Racker noted later that reconstituting systems successfully required three things. First, one needed cheap labor. Pullman’s skilled new student, Harvey Penefsky, provided that. Second, one needed large quantities of stable material. David Green had pioneered how to prepare mitochondria from beef heart. He invited the team to the University of Wisconsin, where they learned his techniques. Finally, one needed new ideas. Here, that meant a new machine for shaking the cells and proteins apart. Centrifugation then sedimented out submitochondrial particles and the team tested re-adding various soluble fractions to identify functional factors. The first, named F1, was the main part of the enzyme, ATPase (later called ATP synthase), where ATP was formed. Subsequently, Yasuo Kagawa helped confirm that F1 units could be seen in electron micrographs as small knobs on the inside of the mitochondrial membrane. Kagawa and Racker then isolated the segment of ATPase, embedded in the membrane, where F1 attached. It was named Fo for reestablishing a known function: inhibition by oligomycin. Racker tried many other methods of destroying and separating the mitochondria, yielding an array of particle types. More supplemental factors emerged: two factors that held F1 to Fo (F6 and part of F4, later renamed OSCP) and F 2(also called Factor B), all whose regulatory function was elucidated much later. (F3, F4, and F5 were later reclassified or abandoned as contaminated extracts.)

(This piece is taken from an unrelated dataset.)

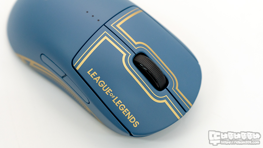 로지텍 G PRO 무선 마우스 느낌을 그대로 가지고 있지만 금색 휘장 느낌의 라인과 LEAGUE OF LEGENDS 로고가 고급스러운 느낌을 주네요.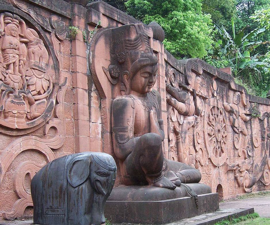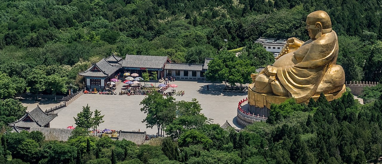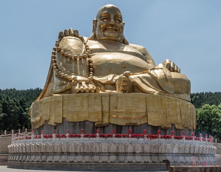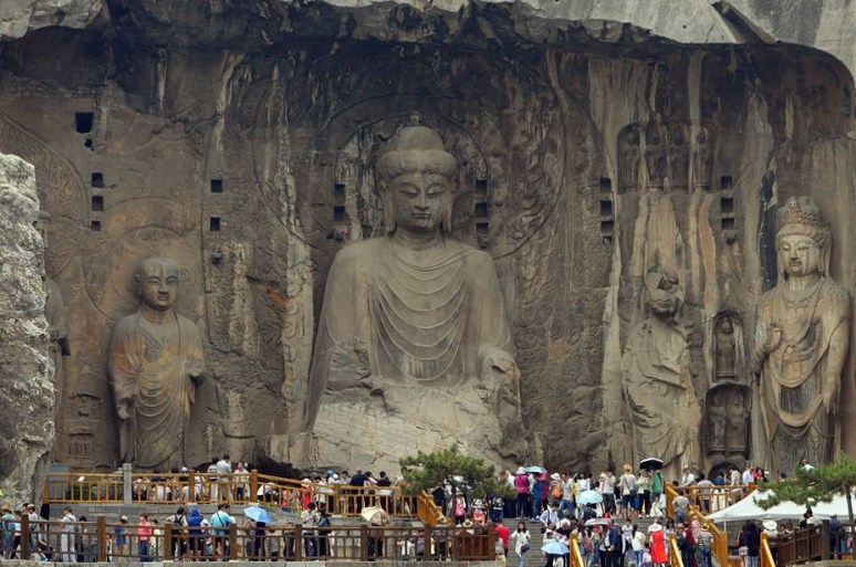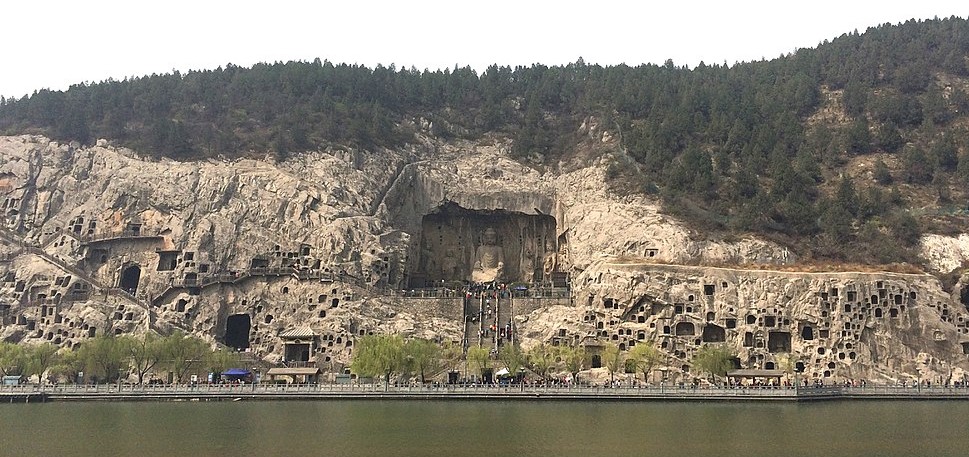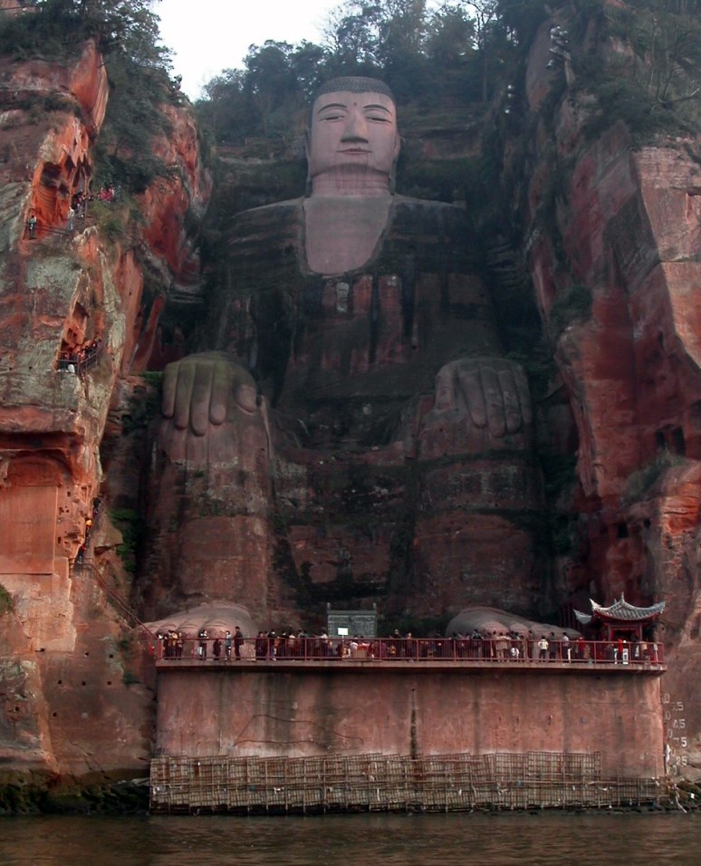 The Longmen Dragon’s Gate Grottoes, with over 100,000 statues, were also extended and completed in the Tang with court support of Emperor Gaozong and Empress Wu. The large, central statue of the Buddha is said to resemble Empress Wu herself, and that she donated 20,000 strings of coins set aside for her cosmetics budget to complete it. Similar great works of Tang statuary are found in the Yungang Grottoes and the gigantic Buddha at Leshan, over 70 meters tall and carved between 713 and 803 CE out of red sandstone to calm the waters where trading ships pass through, and because the removed rock was thrown into the river, the current was calmed, which may have been the plan all the while or led to the legend afterwards.

As progress stalled, Racker looked for a more easily resolvable system, targeting the ATPase in photosynthesis. Switching from beef heart to the more agreeably smelling spinach, he and Vida Vambutas isolated the chloroplast’s analog to F1: CF1. Their work helped underscore the strong similarities between ox phos and photophosphorylation (how plants generate ATP from light). Racker summarized his work and the state of the field in a monograph, Mechanisms in Bioenergetics, in 1965. The following year his professional contributions were recognized by his election to the National Academy of Sciences.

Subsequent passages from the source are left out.